Parenting / Society

Adventures in Single Dad-dom

IBé
I’m an African man. Hold on, scratch that. I’m a Guinean man. No, even that involves some generalizations I’m not comfortable making. I’m a Maninka man, a Maninka father. I have been in America for more than half my life, but I am a Maninka at my core. This fact defines many things I am.

When I was growing up, and as far as I know today, in our culture, child rearing (at least the daily chores associated with this) are entirely the task of our mothers. Fathers are responsible for going out and getting the bread. The mothers take care of baking it, feeding it to the children, and taking care of the rest. Never in my entire life growing up did I see a Maninka father put pants on a baby, let alone change diaper. Fathers don’t know whether food is cooked with wood or charcoal. Needless to say, first giggles and first steps happen entirely in their absence.

Now I have two children, two American children. An eight year old girl and a two year old boy. Albeit when my son was born, my wife stayed home for six months and basically did everything, I have been very active in the domestic affairs related to raising them. Yes, I learned to change diapers, I knew and loved to cook long before they came in the picture, I learned and love to read them to sleep, give baths; I learned to make sure I cut fruits and vegetables in to tiny pieces before feeding it to them when they were younger. I even learned to take temperature and tell the difference between infant Tylenol and Children’s Tylenol!

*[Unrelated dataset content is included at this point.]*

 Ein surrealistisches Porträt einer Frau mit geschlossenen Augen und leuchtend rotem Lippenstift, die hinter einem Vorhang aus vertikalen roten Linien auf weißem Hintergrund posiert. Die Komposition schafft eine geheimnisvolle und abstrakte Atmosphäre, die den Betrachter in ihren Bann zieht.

Still I remember how terrified I was the first time my wife decided to go somewhere leaving me in charge. I had no idea the chemistry involved in feeding saved breast milk to an infant! But I learned. When he went to sleep, I checked on him constantly to make sure he didn’t suffocate himself to death. Not on my watch!

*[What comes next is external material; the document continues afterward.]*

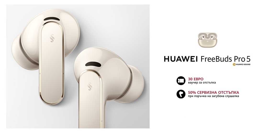 Днес Huawei официално представи HUAWEI FreeBuds Pro 5 – първите в света слушалки с двуядрено шумопотискане, по време на HUAWEI Innovative Product Launch в Мадрид, Испания. Новите флагмански слушалки осигуряват аудио изживяване без загуба на качество и значително подобрено шумопотискане. Моделът предефинира потребителското изживяване при слушане на музика, провеждане на разговори и ежедневна продуктивност, като поставя нов стандарт при True-Wireless-Stereo (TWS) устройствата. За радост на българските потребители HUAWEI FreeBuds Pro 5 са вече в продажба у нас в Tехнополис,  А1, Yettel, Vivacom, верига магазини Зора и партньорската мрежа на дистрибутора Поликомп, която включва – Ozone.bg, Ardes.bg, PLESIO, Laptop.bg, на цена от 199 евро с 30 евро ваучер за отстъпка до 31 март. До една година от датата на закупуване, потребителите могат да се възползват от 50% сервизна отстъпка при загубена слушалка. Моделът се очаква скоро и в Техномаркет.

Things have improved much since that first time. But a month!? All by myself!?

Last week my wife took off for a month. Now, I’m at home with an eight year old daughter and a two year old son. Like I said, I’ve learned some things. But a month!? All by myself!? I was not freaking out by any means, but inside I was as terrified as that first day. How do I bus two kids; one to day care, another to school, before going to work? Then pick them up, go home, feed them, entertain them, put them to bed…just to do it all over again…for one month!? Keep them from setting the house on fire, or pushing me to the brink? I know lesser men have risen to bigger challenges, but in my book this is as big as Obama having to turn around the current US economy in nine month. I’m not saying it’s impossible, but good luck!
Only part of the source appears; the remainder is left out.